PROBLEM STATEMENT | Excluding all pictures, please output the listing exactly.

RECORDED INFORMATION |
= = = = =

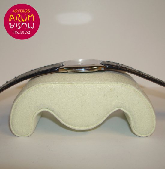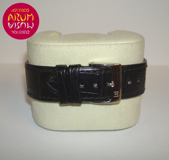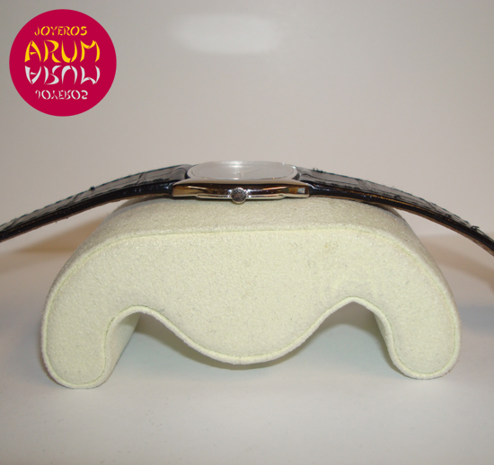 Description :white gold, black dial, sapphire crystal, manual movement, diameter 31 mm, black leather strap, buckle closure, 60´s.
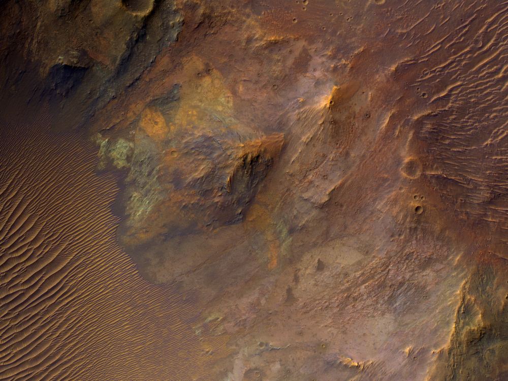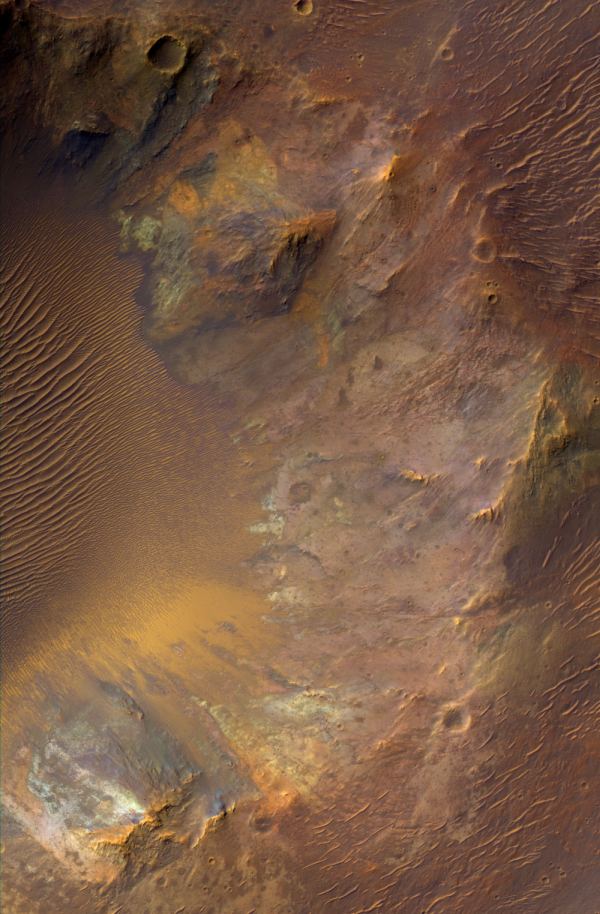 In this crater the central pit exposes bedrock with different colors. Each different color is a different bedrock "unit" with a different composition. In this crater, the CRISM (Compact Reconnaissance Imaging Spectrometer for Mars) instrument on the MRO identified clay-rich minerals.
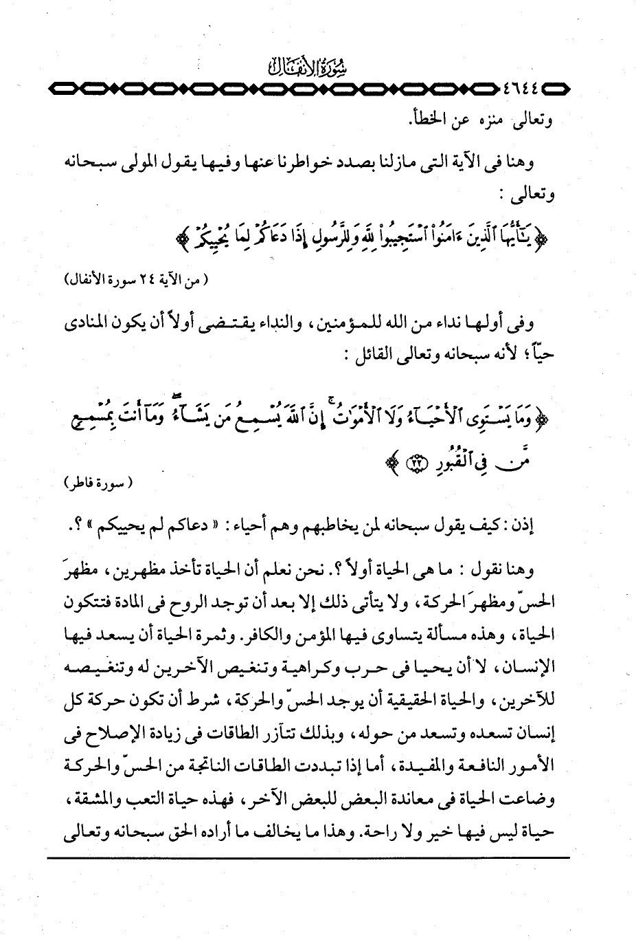 وفي أولها نداء من الله للمؤمنين، والنداء يقتضي أولاً أن يكون المنادى حيّاً؛ لأنه سبحانه وتعالى القائل: {وَمَا يَسْتَوِي الأحيآء وَلاَ الأموات إِنَّ الله يُسْمِعُ مَن يَشَآءُ وَمَآ أَنتَ بِمُسْمِعٍ مَّن فِي القبور} [فاطر: 22] .

= = = = =

RESPONSE TO THIS TASK |
 Description :white gold, black dial, sapphire crystal, manual movement, diameter 31 mm, black leather strap, buckle closure, 60´s.
 In this crater the central pit exposes bedrock with different colors. Each different color is a different bedrock "unit" with a different composition. In this crater, the CRISM (Compact Reconnaissance Imaging Spectrometer for Mars) instrument on the MRO identified clay-rich minerals.
 وفي أولها نداء من الله للمؤمنين، والنداء يقتضي أولاً أن يكون المنادى حيّاً؛ لأنه سبحانه وتعالى القائل: {وَمَا يَسْتَوِي الأحيآء وَلاَ الأموات إِنَّ الله يُسْمِعُ مَن يَشَآءُ وَمَآ أَنتَ بِمُسْمِعٍ مَّن فِي القبور} [فاطر: 22] .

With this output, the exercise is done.